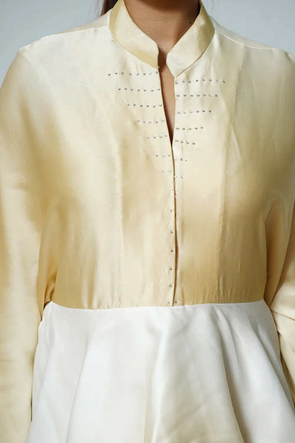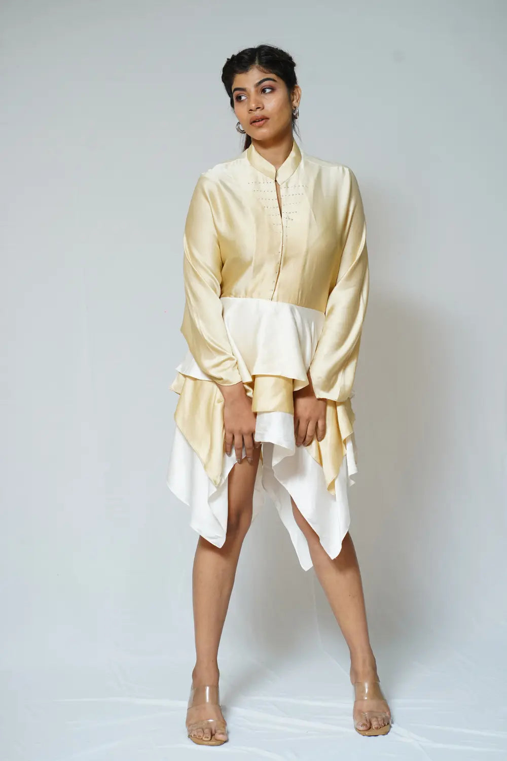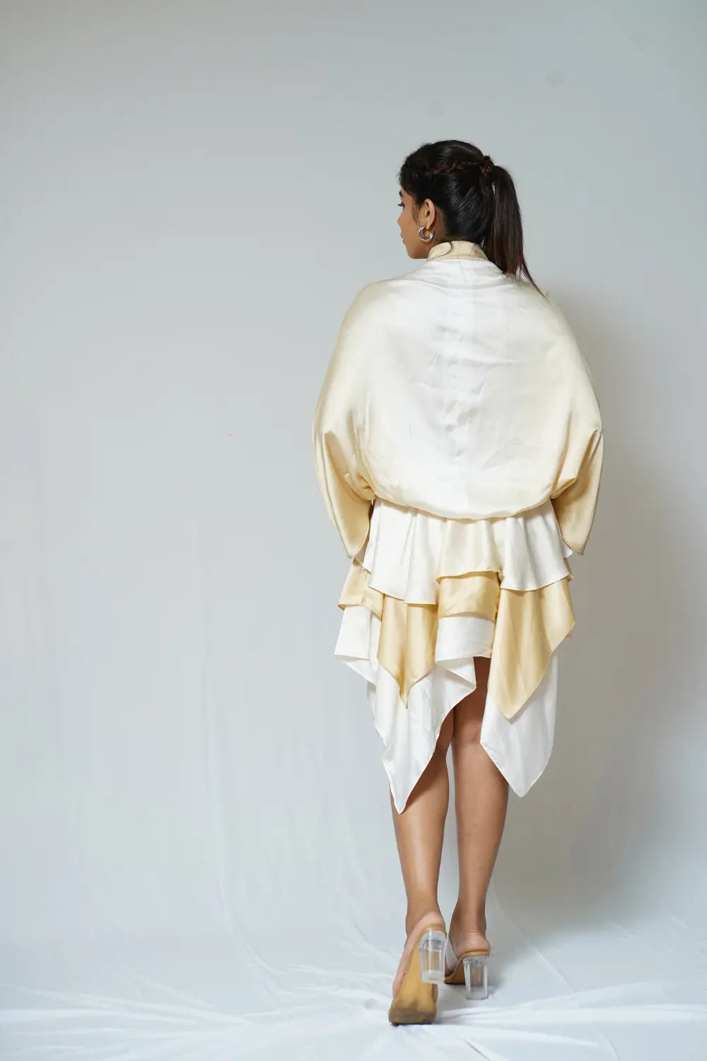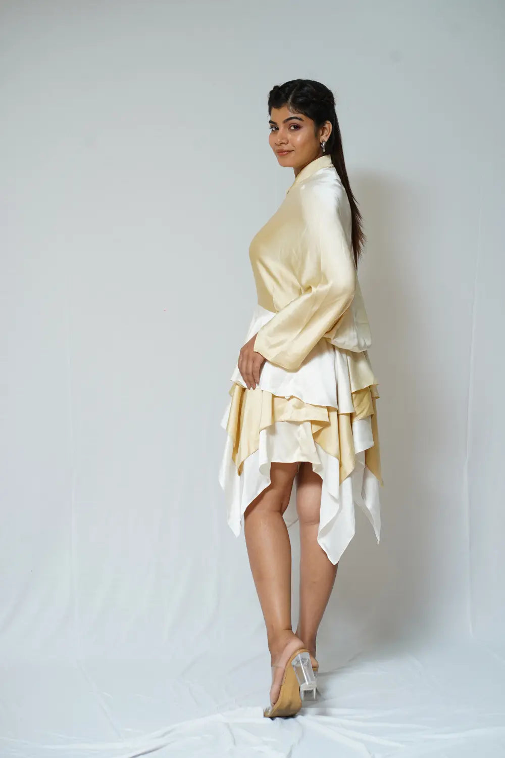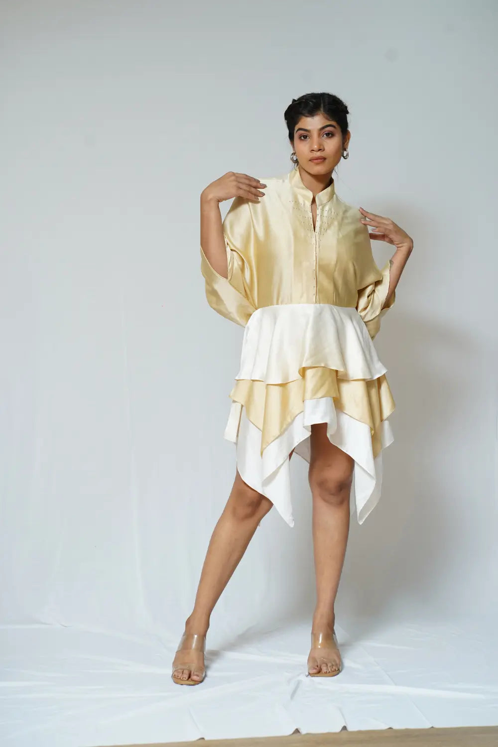 -Satin -Swarovski embellishment -White & Beige ombré -3 layer Handkerchief dress -Front open -Back elasticated -Straight skirt
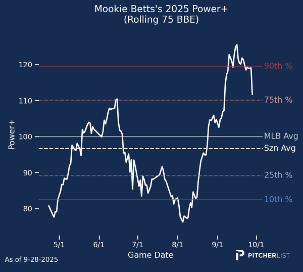 7. Mookie Betts (SS, LAD) — Through his first 453 plate appearances of 2025 (103 games), Mookie Betts was objectively a disappointment. He was slashing just .231/.302/.355 with just 11 home runs, and for quite some time, we openly questioned whether Betts was in the twilight of his career. He must have heard us, because for the remaining 47 games, he hit nine home runs with a fantastic .317/.376/.516 line. Our metrics certainly caught this spike as well.
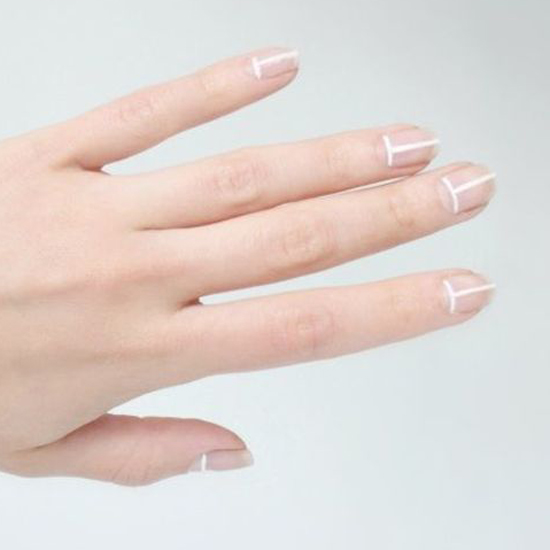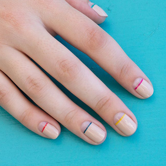 这两款美甲,都是使用的线条,只是线条不再是竖线了,而是极细的横线,改变了我们习惯了的竖线感觉,可以说是极简主义美甲图案,第一款只是涂上了透明的底色,然后画上极细的白色线条,简单的美感爆棚了。第二款则是涂上了3/4的裸色,在交界处涂上了极细的糖果色线条,还有点甜甜的感觉呢。
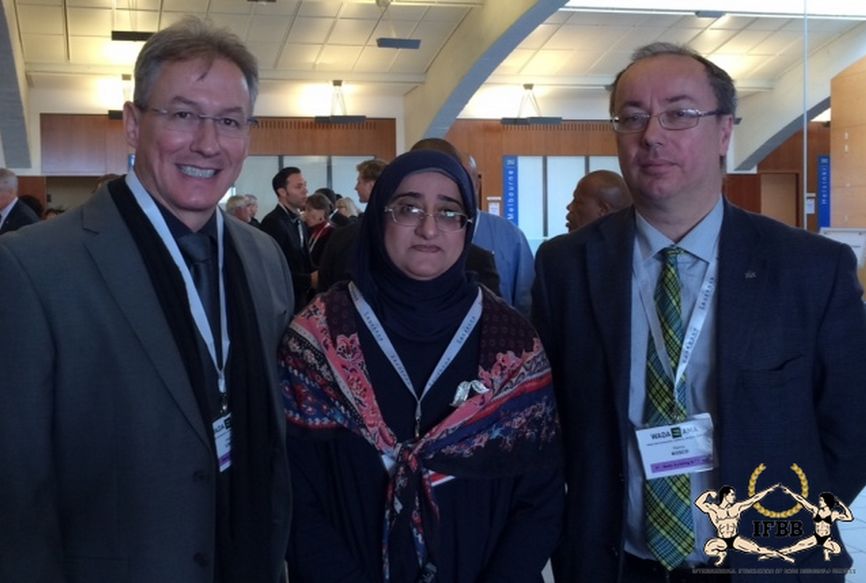 Following the fluent relationship with WADA, IFBB attended the Annual WADA Symposium in Lausanne, represented by the Chairman of the IFBB Anti-Doping Commission, Prof. Mauricio de Arruda, and the IFBB Executive Member, Marco Bosco.In the picture we can see Ms. Nadiah Al Shamali, from the OCA Anti-Doping Commission, with both IFBB Officials IFBB is recognized by the Olympic Council of Asia (OCA), and will participate at the next coming Asian Beach Games in Phuket, Thailand.
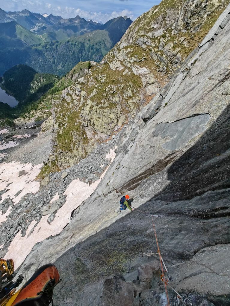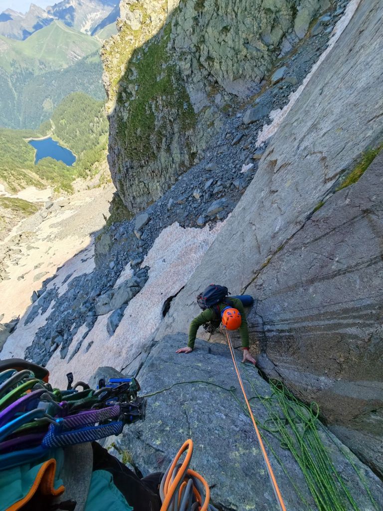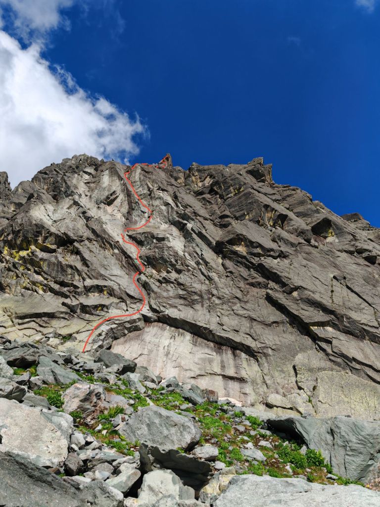 In tre giornate sparse fra fine giugno e luglio 2024 ho chiodato insieme a degli amici questa nuova via dedicata a Luca Bernini, un grande amico portato via da una caduta fatale mentre sciavamo insieme sulla est del Cervino inseguendo un sogno. La scelta del Vallone di Sardegnana e la ovest dei Corni può sembrare strana vista la quasi nulla frequentazione del posto ma ho deciso di dedicargli una via proprio qui per due motivi. Sicuramente un itinerario con avvicinamento troppo plaisir non sarebbe stato nello “stile” di Luca e in secondo luogo entrambi eravamo molto legati a questo posto dove già avevamo salito una nuova linea insieme l’inverno scorso in una delle giornate in montagna più belle e spontanee che io ricordi. L’avvicinamento al Vallone non è certo adatto a tutti ma chi avrà voglia di farsi una bella camminata prima di scalare sicuramente non se ne pentirà trovandosi in un ambiente davvero selvaggio dove spesso non si incontra nessuno per tutta la giornata senza dimenticarsi poi dell’ottima qualità della roccia!

________________________________________

EXERCISE:
Once the pictures are removed, set down what remains of the entries above exactly.

ANSWER BOX:
 -Satin -Swarovski embellishment -White & Beige ombré -3 layer Handkerchief dress -Front open -Back elasticated -Straight skirt
 7. Mookie Betts (SS, LAD) — Through his first 453 plate appearances of 2025 (103 games), Mookie Betts was objectively a disappointment. He was slashing just .231/.302/.355 with just 11 home runs, and for quite some time, we openly questioned whether Betts was in the twilight of his career. He must have heard us, because for the remaining 47 games, he hit nine home runs with a fantastic .317/.376/.516 line. Our metrics certainly caught this spike as well.
 这两款美甲,都是使用的线条,只是线条不再是竖线了,而是极细的横线,改变了我们习惯了的竖线感觉,可以说是极简主义美甲图案,第一款只是涂上了透明的底色,然后画上极细的白色线条,简单的美感爆棚了。第二款则是涂上了3/4的裸色,在交界处涂上了极细的糖果色线条,还有点甜甜的感觉呢。
 Following the fluent relationship with WADA, IFBB attended the Annual WADA Symposium in Lausanne, represented by the Chairman of the IFBB Anti-Doping Commission, Prof. Mauricio de Arruda, and the IFBB Executive Member, Marco Bosco.In the picture we can see Ms. Nadiah Al Shamali, from the OCA Anti-Doping Commission, with both IFBB Officials IFBB is recognized by the Olympic Council of Asia (OCA), and will participate at the next coming Asian Beach Games in Phuket, Thailand.
 In tre giornate sparse fra fine giugno e luglio 2024 ho chiodato insieme a degli amici questa nuova via dedicata a Luca Bernini, un grande amico portato via da una caduta fatale mentre sciavamo insieme sulla est del Cervino inseguendo un sogno. La scelta del Vallone di Sardegnana e la ovest dei Corni può sembrare strana vista la quasi nulla frequentazione del posto ma ho deciso di dedicargli una via proprio qui per due motivi. Sicuramente un itinerario con avvicinamento troppo plaisir non sarebbe stato nello “stile” di Luca e in secondo luogo entrambi eravamo molto legati a questo posto dove già avevamo salito una nuova linea insieme l’inverno scorso in una delle giornate in montagna più belle e spontanee che io ricordi. L’avvicinamento al Vallone non è certo adatto a tutti ma chi avrà voglia di farsi una bella camminata prima di scalare sicuramente non se ne pentirà trovandosi in un ambiente davvero selvaggio dove spesso non si incontra nessuno per tutta la giornata senza dimenticarsi poi dell’ottima qualità della roccia!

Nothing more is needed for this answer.